Bronchodilators are used to relieve symptoms of lower airway disease in cats. These conditions include:
- Feline asthma
- Chronic bronchitis
Bronchodilators make it easier for your cat to breathe, providing quick relief when symptoms flare up. Inhaled bronchodilator medications can take full effect within 5-10 minutes of administration.1
Bronchodilators should not be the only medication used to manage feline asthma since they do not address the underlying inflammation. Bronchodilators are effective when used to treat asthma flare-ups and attacks while inhaled corticosteroids are the primary medication of choice for daily disease management.
The Difference Between Inhaled & Systemic Bronchodilators
The benefit of using inhaled bronchodilators (versus systemic bronchodilators in oral or injectable form) is the medication is delivered directly to the area where it is needed: the lungs. This means the drug works quickly because it doesn’t need to be processed by the body first. It also greatly reduces the risk of side effects.
Another important benefit of using inhaled bronchodilators is ease of administration. If a cat is in respiratory distress, it is important to be able to get the medication into them quickly and easily. It can be very difficult to give a pill to a cat in normal conditions but it is even harder when they are struggling to breathe. Injections are another alternative, but taking your cat to the vet for injection can be risky when your cat is in need of immediate relief.
One of the main differences between inhaled bronchodilators and systemic dilators is the risk of side effects. Because systemic bronchodilators need to be processed by the body, they can affect other areas in addition to the lungs.
Some of the side effects of systemic bronchodilators include:
- Central nervous system (CNS) stimulation
- Increased gastric acid secretion
- Gastrointestinal upset2
How Are Inhaled Bronchodilators Given To Cats?
Giving an inhaler to your cat isn’t as difficult as it may seem. Inhaled medications are prescribed in the form of a metered dose inhaler (MDI). It’s important to understand how to give a feline inhaler to your cat so they can receive the medication they need.
As cats cannot be instructed to take a breath to inhale the medication, they require special equipment to make sure they get the full dose of medication. The inhaler is administered to cats with a feline inhaler spacer device (such as the AeroKat* Chamber).
Spacer devices include a mask and a chamber so your cat can inhale the medication in several breaths.

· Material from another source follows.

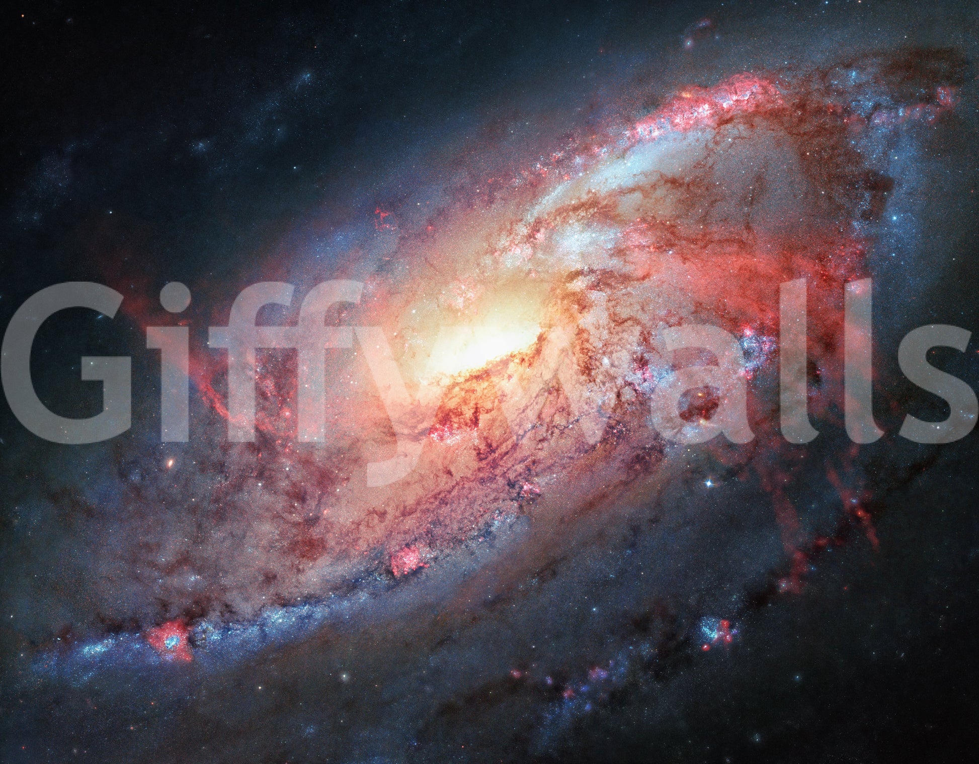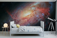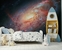 Dive into the depths of space with this stunning galaxy wallpaper. The design features a spiral galaxy with bright, energetic colors, creating a captivating and dynamic look. The mix of blues, reds, and whites form an otherworldly ambiance that transforms any space. Perfect for a bedroom, living room, or office, this wallpaper for walls introduces a sense of wonder and exploration. It easily integrates with modern and minimalist interiors, becoming a focal point that sparks conversation and inspires dreams of distant stars.

The AeroKat Chamber is designed to hold the medication in the chamber longer so more medication is available for your cat to breathe in. This is especially important because during a flare-up, your cat’s breathing will be faster and shallower and they will need more breaths through the chamber to empty it. As a result, it is critical to use a chamber that can hold the medication long enough for your cat to inhale the dose.
Types Of Bronchodilators Available
The bronchodilator drugs used to treat asthma or chronic bronchitis in cats are beta2-receptor agonists and methylxanthine derivatives.3 Of the two, beta2-receptor agonists are the most commonly prescribed bronchodilators for cats.
There are several types of these bronchodilator medications available, including:
Also referred to as brand names Proair, Proventil, or Ventolin, albuterol (or salbutamol) is an inhaled beta2-receptor agonist. It is used to treat both feline asthma and bronchitis and is administered using a metered dose inhaler (MDI).
Also referred to as brand names Brethine, Bricanyl, and Brethaire, terbutaline is a systemic beta2-receptor agonist. It is primarily used to treat feline asthma and is administered as a tablet or injection.
Also referred to as brand name Xopenex, Levalbuterol is a less common inhaled beta2-receptor agonist. It is used to treat both feline asthma and bronchitis. Levalbuterol is available in a nebulizer solution or a metered dose inhaler, but is not commonly prescribed for cats.
Also referred to as brand names Theo 24, Theochron, Elixophyllin, Aminophylline, and Uniphyl, theophylline is a systemic methylxanthine derivative that may be used for ongoing respiratory condition treatment in dogs than cats.4 Theophylline is administered as a tablet.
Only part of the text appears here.